At present, the number of users borne by a DPI system constructed by taking provinces as a unit is over 1000 thousands, and the speed data of an original signaling packet generated in real time is up to 6000000 pps. There is therefore a need for a more efficient, storage-efficient, hardware-efficient indexing scheme than the use of common distributed storage solutions such as Hadoop.

Currently, the most common index algorithm is hash tree, and the hash belongs to the algorithm with the most stable performance. A good hash algorithm can provide a good hash effect, but the hash collision can never be completely avoided, so any system using hash as a fast indexing algorithm needs to resolve the hash collision.

Considering the memory overhead and the index performance, the conflict in the online system is tolerant in 7x24 hours, that is, all conflicts cannot be solved without limit. The number of collisions under a hash is usually limited to only N, and collisions exceeding this value are discarded directly without storage, as shown in fig. 1.

Another conflict resolution method is also commonly used in memory indexing implementations: applying M conflict-solving data pools in advance, solving when the total number of conflicts in the whole index system does not exceed M, and discarding when the total number exceeds the value. This scheme is optimized to solve only N collisions under a hash, and can increase the utilization of the data blocks reserved for collision resolution, as shown in fig. 2.

However, the scheme is only suitable for memory indexing, the data blocks applied in batches can hash discontinuous memory spaces, and for index files, the data blocks can hash discontinuous file spaces, so that the files can be randomly read and written, and the performance is greatly consumed.

In view of the above, overcoming the drawbacks of the prior art is an urgent problem in the art.

[ summary of the invention ]

The technical problem to be solved by the invention is that the current scheme is only suitable for memory indexing, the data blocks applied in batches can hash discontinuous memory spaces, and for index files, the data blocks can hash discontinuous file spaces, so that the files can be randomly read and written, and the performance is greatly consumed.

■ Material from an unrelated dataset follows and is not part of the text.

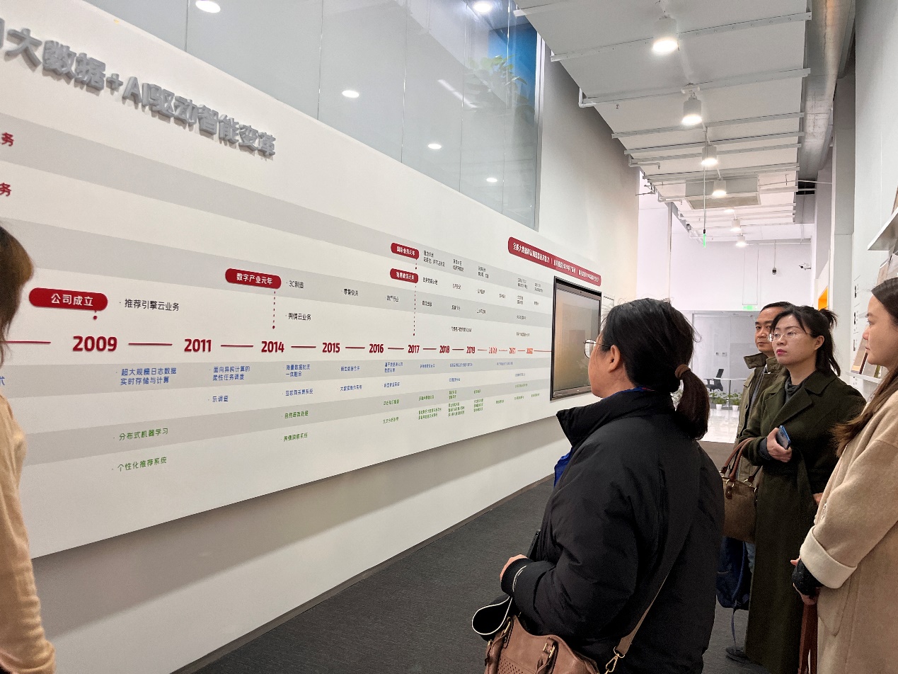 为深入推进工商管理学科专业发展、人才培养与实验室建设,2022年3月23日上午,英国威廉集团官网工商管理系系主任张剑教授、邹鹏教授、姚卿副教授与青年教师张晓丹、楠丁一行五人,赴北京百分点科技集团股份有限公司调研、学习和交流。百分点科技首席数据科学家、数据科学实验室负责人杜晓梦博士热情接待,双方就数字化时代新商科专业建设面临的问题及建设方向展开深入探讨。首先,杜晓梦博士详细介绍了百分点科技在数据智能领域的成长经验,尤其自2014年数字产业元年以来在3C制造、零售快消、地产、媒体出版、工业互联网等行业领域积累的工作。围绕数据的采集、存储、治理、挖掘、可视化应用等全链条技术,公司核心业务就数据中台技术、智能挖掘、文本分析、知识图谱、大数据操作系统、商情洞察等技术不断演进。

The invention adopts the following technical scheme:

in a first aspect, the invention provides a storage method supporting a multi-value index file, which applies for a collision array with continuous global memory and allocates N data blocks for storing data collision for each hash bucket; setting the maximum number of data blocks allowed to be accessed as X for each hash bucket; wherein, the value of X satisfies: x > -N and the statistics of X all start with the initial data block of the corresponding hash bucket; the data block identification Index in the corresponding use range corresponding to the ith hash bucket satisfies the following conditions: (N × i) < ═ Index < (N × i + 1)); setting a field ArrayCount in the data management structure corresponding to each hash bucket, wherein the field ArrayCount is used for recording the number of data blocks actually used in the hash bucket; when a record of the keyword K is to be stored, the method comprises the following steps:

calculating the serial number value of the hash bucket to be j through a preset hash algorithm;

when the hash bucket j conflicts, matching is started from the first data block in the hash bucket j, and matching of ArrayCount data blocks recorded by a data management structure in the hash bucket j is completed;

if a consistent data block is found in the matching process, directly using the record item of the data block, and ending the matching process; if not, a new data block is required to be applied, and then a data block allocation flow is entered:

in the data block distribution process, searching for an idle data block from ArrayCount to X in the data block distribution process; and if N + j + ArrayCount > N, borrowing and storing the next adjacent hash bucket j +1 of the hash bucket j, and synchronously updating the ArrayCount value in the hash bucket j +1 data management structure.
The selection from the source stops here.